The trip was fantastic, full of visits to family and friends. We hiked almost every day, spent an afternoon at Glenwood Hot Springs, and saw an amazing fireworks display surrounded by mountains in Utah. I'm still sorting through all of our photo's but the scenery was spectacular and inspirational. I'll be sure to share some of them with you once I've emerged from the pile of stuff to do that is always awaiting after a vacation.
A week before our trip we had a little birthday bash to celebrate my 30th. I had a blast pulling together a menu and cooking for a wonderful group of friends that came over to celebrate with me. Instead of a cake this year I decided to make mini-cupcakes. I'm a huge fan of cupcakes! I love how easy they are to make and how, especially with the mini-cakes, I feel like I can have a couple and not worry too much about it.
These little cakes were delicious.
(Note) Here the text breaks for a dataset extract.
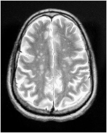 Figure 1 Axial T1-weighted brain MRI with injection: multiple hyper signals of deep periventricular white matter enhancing after Gadolinium.
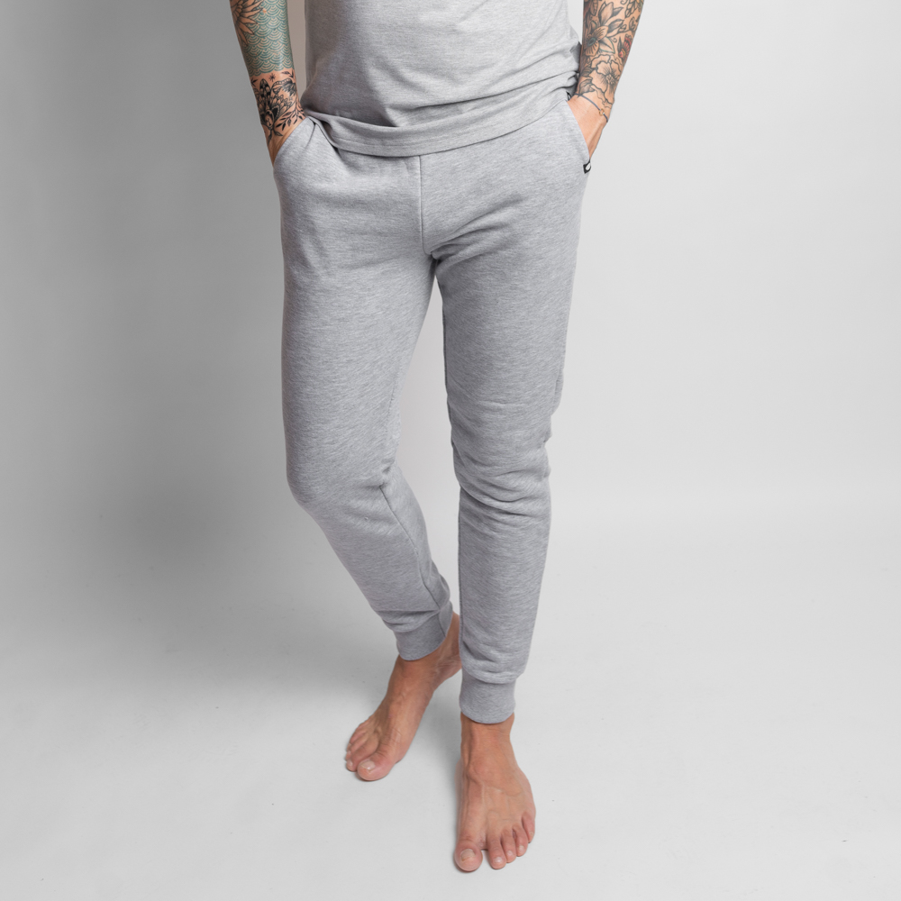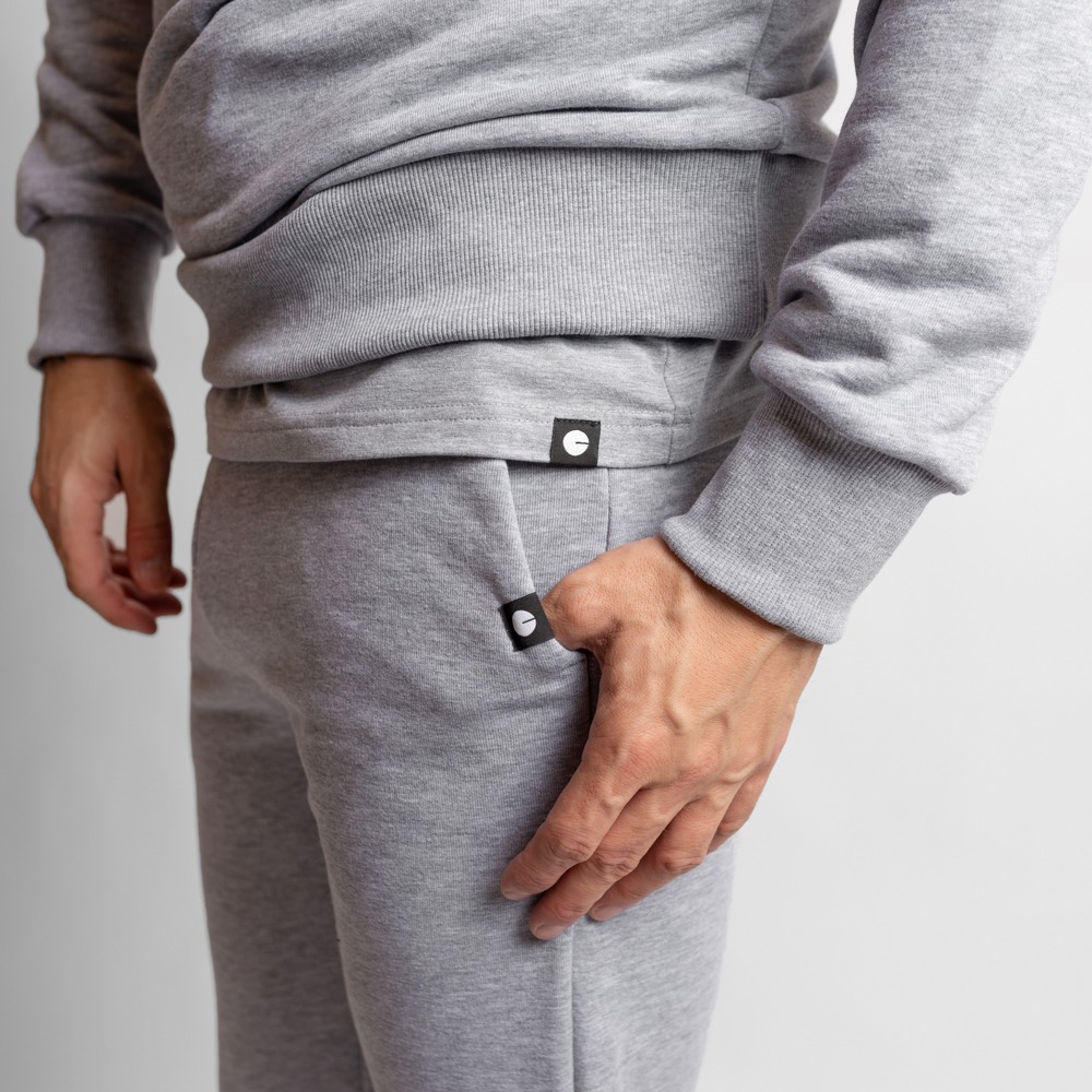 Šedé pánske tepláky v klasickom rovnom strihu s originálnym dizajnovým štítkom písmena "E" umiestneným na bočnom vrecku.

Perfectly moist and with an excellent chocolate flavor that everyone seemed to love. So much so that by the end of the night they were all gone, with only a few stray wrappers left in their place.
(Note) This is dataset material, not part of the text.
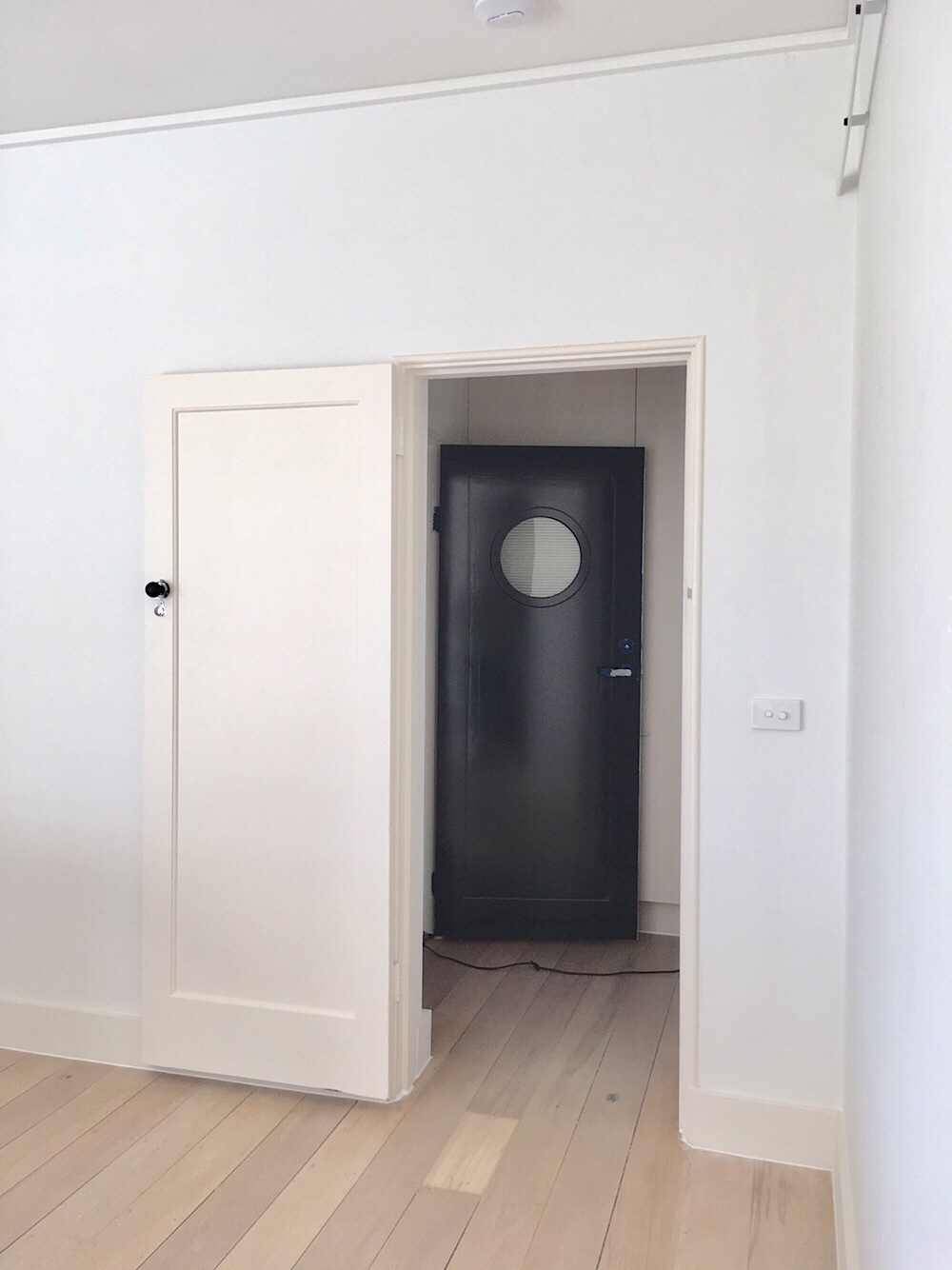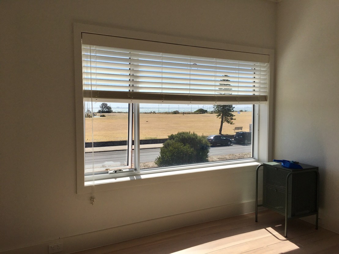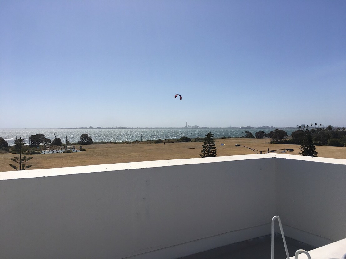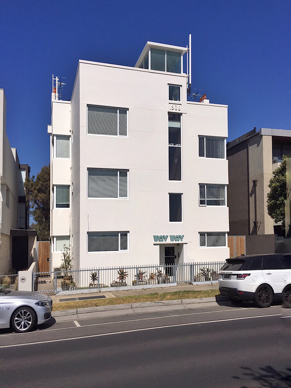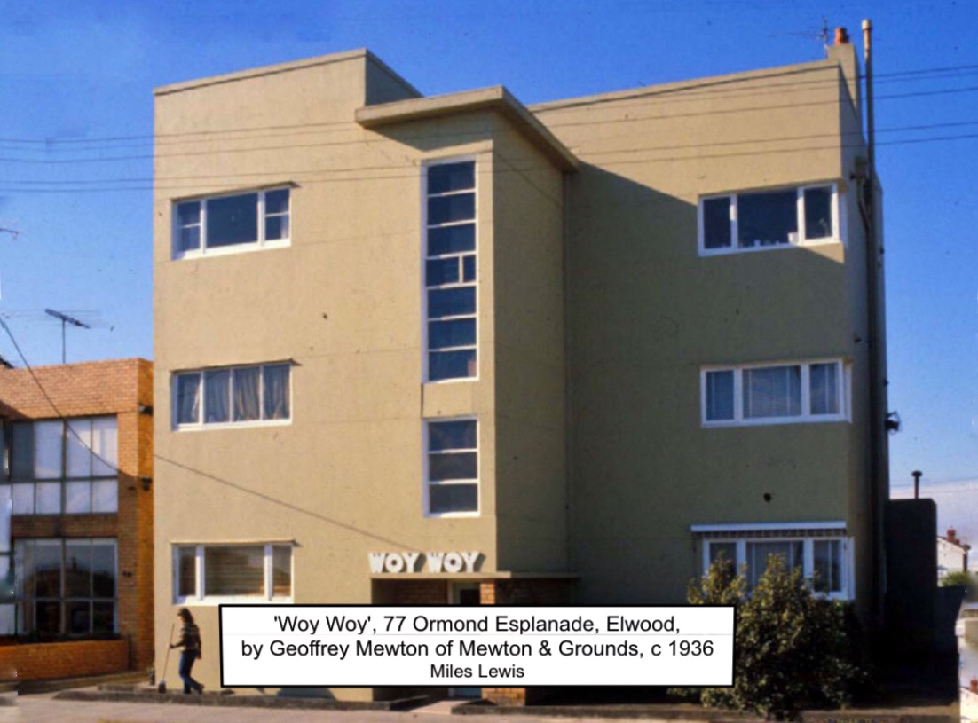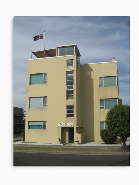 Woy Woy, #MarineParade, #Elwood, Geoffrey Mewton, 1936. Amazing bit of almost #Bauhaus in Melbourne, designed by Mewton, who did a whole series of 30s rendered or cream brick boxy houses too, all dem now except #JustinMadden’s house in Essendon. Woy Woy has just been renovated to become airb&bs, it’s bright white instead of ochre, and the owner waved us in ! It’s a set of 6 tiny one bed #batchelorflats (there was going to be a second block behind, never built). The exterior changed quite a bit in a 1980s renovation – the windows of the upper floors were enlarged, and changed from steel to aluminium, and the stairs extended up to the flat roof (just before it was #heritagelisted ?), with a little tower – 2nd photo. Also the face bricks at the entrance, possibly with a planter bed, were rendered over. The front windows on the left are actually bedrooms, the lounges are to the sides. Pre-war flats and even often postwar ones often weren’t built for a view from the lounge room like we expect now, the lounge was for reading, listening to the radio, doing some knitting – if you wanted a view or some air, you went outside. That’s my theory anyway. The roof has amazing views.

Recipe for Little Chocolate Cupcakes
Adapted from Cooks Illustrated March 1st 2005 edition
8 tablespoons unsalted butter, cut into pieces
2 ounces bittersweet chocolate, chopped
1/2 cup high quality cocoa*
3/4 cup unbleached all-purpose flour
1/2 teaspoon baking powder
2 large eggs
3/4 cup sugar
1 teaspoon vanilla extract
1/2 teaspoon table salt
1/2 cup sour cream
Adjust oven rack to lower-middle position; pre-heat oven to 350 degrees. Line a mini-muffin** pan with baking cup liners.
Combine butter, chocolate, and cocoa in a medium heatproof bowl. Set bowl over a saucepan of simmering water; heat mixture until butter and chocolate are melted and whisk to combine (alternatively heat in the microwave and whisk to combine). Set aside to cool until just warm to the touch.
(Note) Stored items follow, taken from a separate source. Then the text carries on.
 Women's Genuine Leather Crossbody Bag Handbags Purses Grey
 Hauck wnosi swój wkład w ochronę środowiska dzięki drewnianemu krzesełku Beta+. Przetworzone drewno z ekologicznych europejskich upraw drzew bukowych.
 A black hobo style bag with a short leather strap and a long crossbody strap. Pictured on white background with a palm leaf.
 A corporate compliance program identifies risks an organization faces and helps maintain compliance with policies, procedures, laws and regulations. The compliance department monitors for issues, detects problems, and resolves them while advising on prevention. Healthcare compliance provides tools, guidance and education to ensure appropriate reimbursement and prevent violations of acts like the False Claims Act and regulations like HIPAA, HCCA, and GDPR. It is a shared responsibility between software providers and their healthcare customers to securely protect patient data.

Whisk flour, baking soda, and baking powder in small bowl to combine.
In another medium sized bowl whisk eggs; add sugar, vanilla and salt until fully incorporated. Now add cooled chocolate mixture and whisk until well combined. Sift about one-third of flour mixture over chocolate mix and whisk until combined; whisk in sour cream until combined, then sift remaining flour mixture over and whisk until batter is homogenous and thick.
Divide batter evenly among muffin cups. Bake until a skewer inserted into center of cupcake comes out clean, approximately 18 to 20 minutes.
Cool cupcakes in muffin pan on wire rack until cool enough to handle, about 15 minutes. Carefully lift each cupcake from muffin pan and set on wire rack. Cool to room temperature before icing, about 30 minutes.
To frost I used a classic vanilla buttercream frosting.
When it comes to baking desserts I am still working out the details of finding local ingredients, especially the basics like chocolate, flour and sugar. I do source butter from Clover Organic Farms, a Northern California dairy, and I get my eggs from Glaum's Organic at the farmer's market.
I'm currently researching other local ingredients I can use in baking. If you have any suggestions please let me know.
*I used Green & Black's Organic Cocoa Powder, a high quality cocoa made with Fair Trade cocoa beans.
**Originally this recipe was for regular sized cupcakes, however I tend to like mini-cupcakes for reasons explained above. The recipe made 24 mini-cupcakes and should make 12 regular size cakes.